■ **PROBLEM TO SOLVE**
Since only part of the material below is wanted, output exactly the lines from the one with "Mais de 1200" up to and including the one with "HSP律所代理美国知名品牌C".
:: EXERCISE MATERIALS ::
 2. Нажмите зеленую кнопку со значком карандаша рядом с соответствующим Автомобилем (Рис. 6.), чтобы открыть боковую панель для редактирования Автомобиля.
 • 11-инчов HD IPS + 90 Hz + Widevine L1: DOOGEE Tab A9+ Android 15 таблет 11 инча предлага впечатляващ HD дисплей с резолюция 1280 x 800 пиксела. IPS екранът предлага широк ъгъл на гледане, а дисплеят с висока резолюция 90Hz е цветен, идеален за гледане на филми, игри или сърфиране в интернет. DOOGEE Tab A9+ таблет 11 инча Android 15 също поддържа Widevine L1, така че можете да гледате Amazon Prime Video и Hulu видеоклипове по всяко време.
:::
:: EXERCISE MATERIALS ::
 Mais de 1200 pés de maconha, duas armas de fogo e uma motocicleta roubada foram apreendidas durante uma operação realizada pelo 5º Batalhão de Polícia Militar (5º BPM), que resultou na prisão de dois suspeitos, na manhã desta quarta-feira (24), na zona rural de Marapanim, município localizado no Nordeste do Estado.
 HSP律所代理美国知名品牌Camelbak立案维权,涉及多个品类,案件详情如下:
:::
:: EXERCISE MATERIALS ::
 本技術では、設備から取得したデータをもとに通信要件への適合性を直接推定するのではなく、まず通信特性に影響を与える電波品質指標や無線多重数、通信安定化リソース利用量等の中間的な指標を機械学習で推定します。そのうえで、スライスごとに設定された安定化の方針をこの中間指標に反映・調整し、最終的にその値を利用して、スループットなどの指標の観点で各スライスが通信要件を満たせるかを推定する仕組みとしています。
:::
■ **RESPONSE TO THIS EXERCISE**
 Mais de 1200 pés de maconha, duas armas de fogo e uma motocicleta roubada foram apreendidas durante uma operação realizada pelo 5º Batalhão de Polícia Militar (5º BPM), que resultou na prisão de dois suspeitos, na manhã desta quarta-feira (24), na zona rural de Marapanim, município localizado no Nordeste do Estado.
 HSP律所代理美国知名品牌Camelbak立案维权,涉及多个品类,案件详情如下:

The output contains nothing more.